The inheritance of loss and shared history

It is 1914 in the small German town of Altona, when from the workbench of Johann Blumenthal, master silversmith and a Jew, comes the exquisite music box engraved “For Paul, with love” — a treasure which will become his young son’s last link to his father. 

Hannah Johnson Published 25.07.18, 12:00 AM
The Silver Music Box by Mina Baites (Amazon Crossing, Rs 299) 

It is 1914 in the small German town of Altona, when from the workbench of Johann Blumenthal, master silversmith and a Jew, comes the exquisite music box engraved “For Paul, with love” — a treasure which will become his young son’s last link to his father. 

In London, 1963, the latest owner Lilian Morrison holds it in her hands, forced to ask some world-altering questions. Though the lives in this novel may not be as constant as the silver, the music box forges connections and reconnections between a family fragmented by the two world wars, resisting the division of years and miles, and providing the powerful clues that Lilian, who was adopted as a child, will need to unravel her past. 

In this touching novel, translated from the German original by Alison Layland, Mina Baites takes the reader on a poignant and harrowing journey through Europe and beyond, capturing the gradual encroach of Hitler’s tyranny and the loss of Jewish rights as told through the eyes of one dispersing family. 

The novel is rich with historical context, displaying an educated knowledge of the many challenges the Blumenthals and those like them would have faced, and the grave cautions that must have been taken.
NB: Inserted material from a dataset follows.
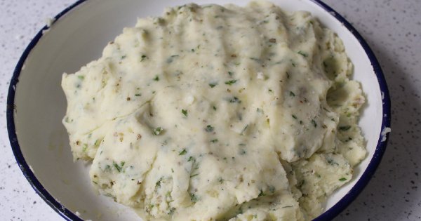 - Подгответе картофите: Обелете ги, нарежете на едри парчета и ги сварете в подсолена вода до пълно омекване. След това ги отцедете и намачкайте до гладко пюре.

While the narrative is ever-conscious of the gulfs that divide them, it at the same time displays a Dickensian way of weaving the characters back together. 

The novel is preoccupied with absent loved ones, recalling them so frequently that they almost seem present, populating the text like ghosts. However, it is not mainly about loss, but inheritance, and the inheritance of so much more than mere objects: of memories, history and identity. It is a moving depiction of a past that we cannot and should not forget, least of all now. 

The second instalment, Dreams of Silver, is scheduled for release in November.